Consecuencia de las desamortizaciones

Pascual Madoz. Ministro de Hacienda en 1855

Las desamortizaciones tenían precedentes, pero el grueso de las operaciones se efectuaron en el reinado de Isabel II, concentrándose en dos grandes bloques, escribe el historiador Antonio Domínguez Ortiz. “La desamortización eclesiástica de Mendizábal y la civil de Madoz, y si la primera se ha hecho más famosa por su carga ideológica y por los destrozos enormes que acarreó a nuestro patrimonio artístico y documental, la segunda tuvo mayores y más nefastas consecuencias para la población rural; la venta de los bienes de propios y baldíos, unida a la generalización de los cerramientos de fincas, la prohibición de antiquísimos usos de aprovechamiento colectivo (espigueo, rastrojera), la decadencia de la enfiteusis y otras formas jurídicas en beneficio de un concepto muy cerrado de la propiedad individual agravaron la situación del campesinado modesto hasta límites extremos, con la agravante de que aquellos centros benéficos (hospitales, asilos), que tradicionalmente acogían a los desheredados, también sufrían las consecuencias de las desamortizaciones, y la Iglesia ya no estaba en condiciones de prodigar limosnas. En las propias ciudades, especuladores y burgueses se beneficiaron del régimen liberal, mientras el nivel de vida de los desheredados se mantenía muy bajo, e incluso descendía, si ello era posible. La mendicidad, el bandolerismo y el contrabando con múltiples repercusiones, incluso artísticas y literarias, proliferaron, sobre todo en el sur. La España romántica no se concibe sin la estampa del bandolero que con su trabuco despoja a los viajeros.

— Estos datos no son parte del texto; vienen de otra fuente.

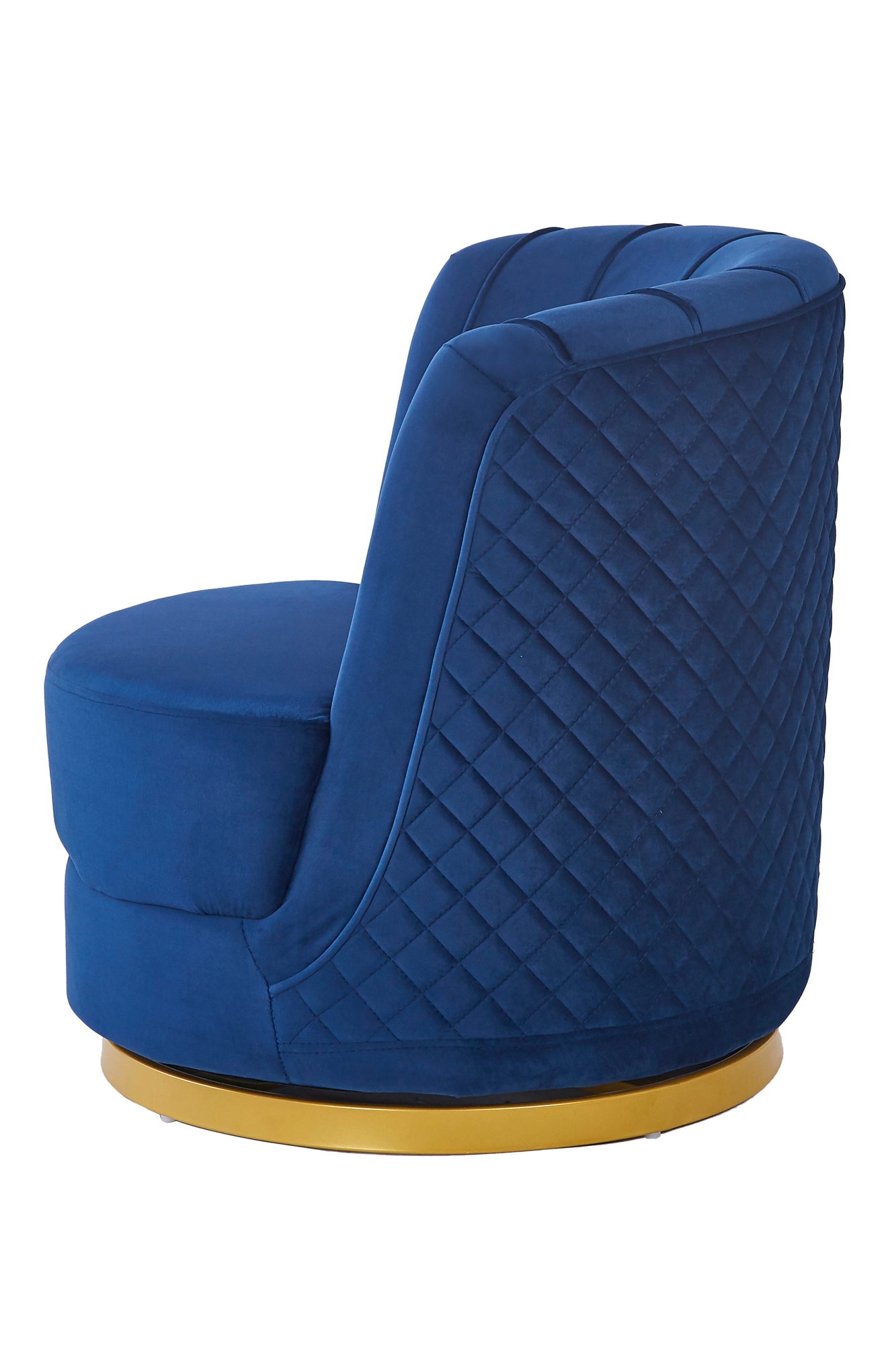 Extravaganter Drehsessel im modernen Design – Der Sessel mit Rautensteppung auf der Rückseite und goldfarbenem Metallsockel mit Drehfunktion wird garantiert zum Hingucker im Wohnbereich. Der schimmernde Samtbezug und vertikale Steppnähte im Rücken runden das glamouröse Bild gekonnt ab. Das üppig gepolsterte Sitzkissen sorgt für optimalen Sitzkomfort. Egal ob in der Leseecke, am Schreibtisch oder an der Schminkkommode – Der 360°-Drehsessel wird zum edlen Designkompagnon in Ihrem Zuhause. Erhältlich ist das Sitzmöbel in 5 edlen Farbvariationen.
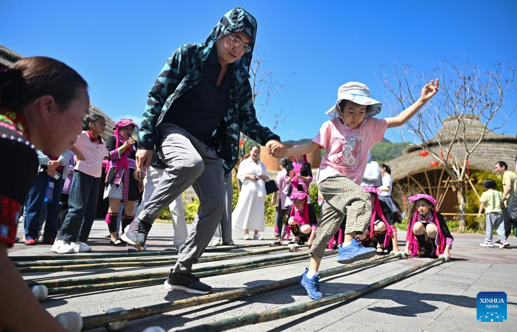 Tourists experience bamboo pole dance at Maona Village, Wuzhishan City of south China's Hainan Province, Feb. 14, 2024. More Chinese people nowadays choose to go on a journey during the Spring Festival to experience different cultures and lunar new year atmosphere. (Xinhua/Guo Cheng)
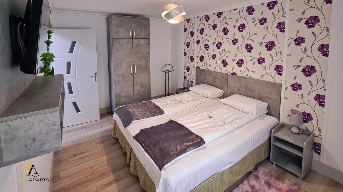 Bine ai venit într-un apartament confortabil situat la parter, în Tîrgu Neamț, parte din Vila Vaias Aparts, într-o zonă liniștită și sigură, aproape de Cetatea Neamțului. Accesul facil și spațiul bine organizat îl fac ideal pentru un sejur relaxant.
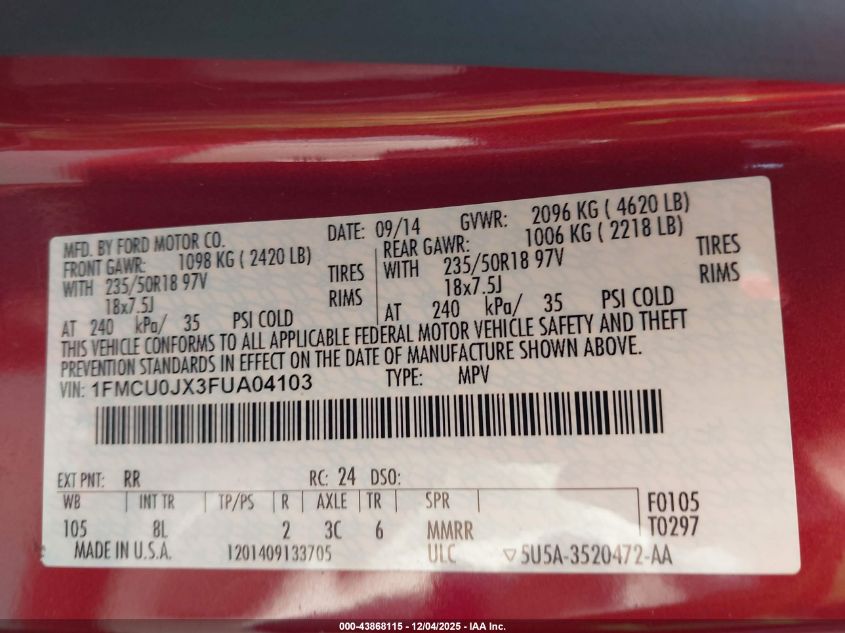 Цвет КрасныйЦилиндры 4Привод Передний приводVIN 1FMCU0JX3FUA04103Состояние Заводится и едет (проверено)Повреждения Левая сторона AutoRIA
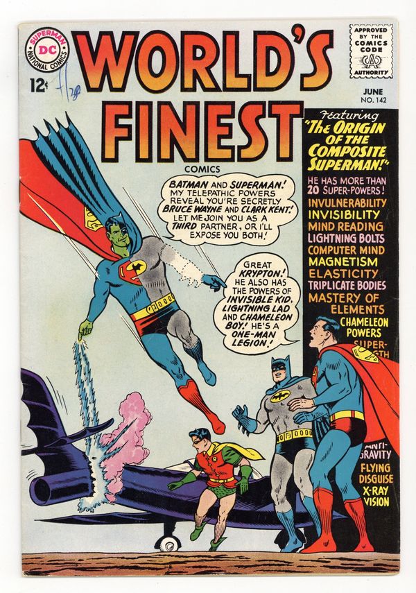 Cover pencils by Curt Swan, inks by George Klein. Are You a Good Neighbor? public service announcement, script by Jack Schiff, art by Sheldon Moldoff. The Composite Superman starring Superman and Batman, script by Edmond Hamilton, pencils by Curt Swan, inks by George Klein (part 1) and Sheldon Moldoff (part 2); A freak accident gives Joe Meach the powers of the entire Legion of Super-Heroes and he becomes the Composite Superman. Flame Dragon From Krypton starring Superman, script by Jerry Siegel, pencils by Wayne Boring, inks by Stan Kaye; A Kryptonian Flame-Dragon makes it way to Earth; When it swallows a Red Kryptonite meteor Superman must stay away from the Flame-Dragon for fear the Red Kryptonite will effect him also. 36 Pages, Full Color. Cover price $0.12.
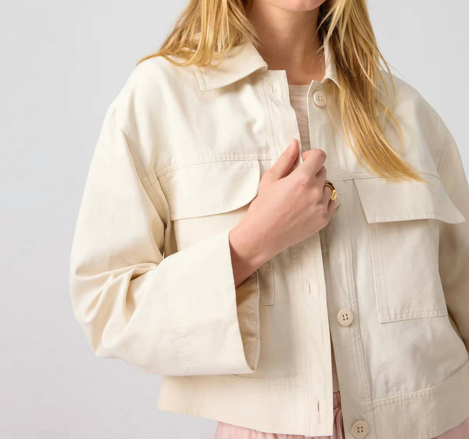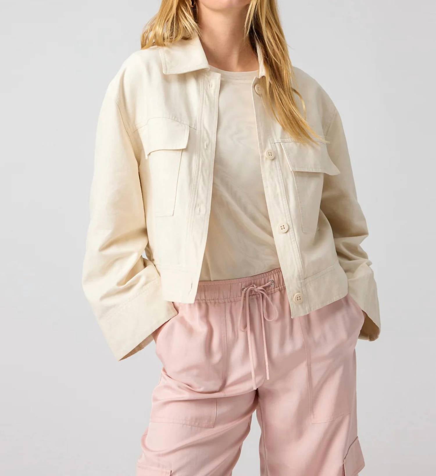 A jacket so versatile you can literally wear it with anything.This lightweight jacket boasts a boxy fit and front pocket detail. Light to medium weight jacket. Woven canvas. Two front pockets. Elastic back waistband. Button front. 53% Cotton, 47% Lyocell. The fit is relaxed.
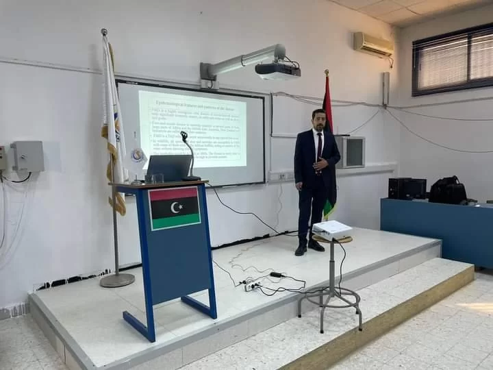 تم صباح اليوم الأربعاء الموافق 6 مارس 2024 بمدرج الدراسات العليا بكلية الطب البيطري بجامعة طرابلس عقد ندوة علمية بخصوص مرض الحمى القلاعية Foot-and-mouth disease - حضرها عدد من أساتذة الكلية و زملائنا الافاضل من المركز الوطني المركز الوطني للصحة الحيوانية و عدد من الأطباء البيطريين و زملائنا الافاضل من هيئة البيئة و الإصحاح البيئي و السلخانات و عدد من المهتمين
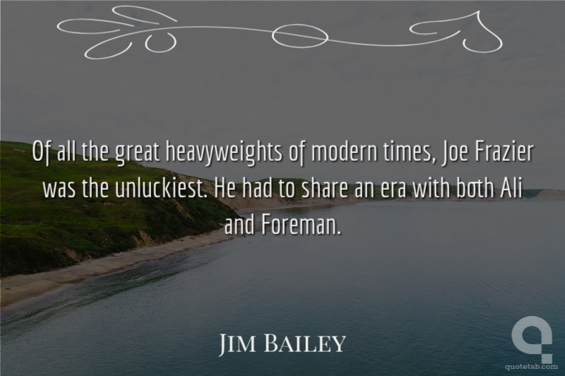Of all the great heavyweights of modern times, Joe Frazier was the unluckiest. He had to share an era with both Ali and Foreman.

El contrabando tomó una extensión increíble, sobre todo en dos ramos, el tabaco y los textiles; era un negocio en el que participaban personajes de todo rango, y que tomó visos políticos porque los fabricantes catalanes se quejaban de la competencia de los tejidos ingleses y reclamaban no sólo la represión del contrabando, sino la defensa legal por medio de leyes proteccionistas; fue uno de los motivos de su oposición a Espartero, anglófilo impenitente”.
“Tradicionalmente la ciudad, si por una parte esquilmaba al campo, por otra ayudaba en períodos de crisis con sus limosnas y asilos a los que acudían a ella. Este equilibrio se quebró al empobrecerse tanto la Iglesia como los ayuntamientos con las desamortizaciones”.

lunes, 22 de julio de 2019

La desamortización de Álvarez Mendizábal

La desamortización de Álvarez Mendizábal (1836-1837) afectó únicamente a los terrenos del clero regular, las órdenes religiosas, por lo que la Iglesia lo excomulgó, así como a los compradores de dichas tierras.

La desamortización fracasó en su intento de obtener una distribución más justa de la tierra y la mayoría de los bienes enajenados a la Iglesia pasaron a manos de grandes propietarios. La división de los lotes de tierra se encomendó a comisiones municipales y éstas, aliadas con los oligarcas adinerados, manipularon el sistema creando grandes lotes que fueron comprados por nobles terratenientes y burgueses ricos, con lo que no se creó la clase media que se pretendía.

En esta época se impulsaron cultivos que han pervivido hasta nuestros días, como el olivo en Andalucía o la naranja en Valencia. Empezó a elaborarse el cava en Cataluña a gran escala y la industria del azúcar basada en la remolacha se desarrolló en el Valle del Ebro y Andalucía.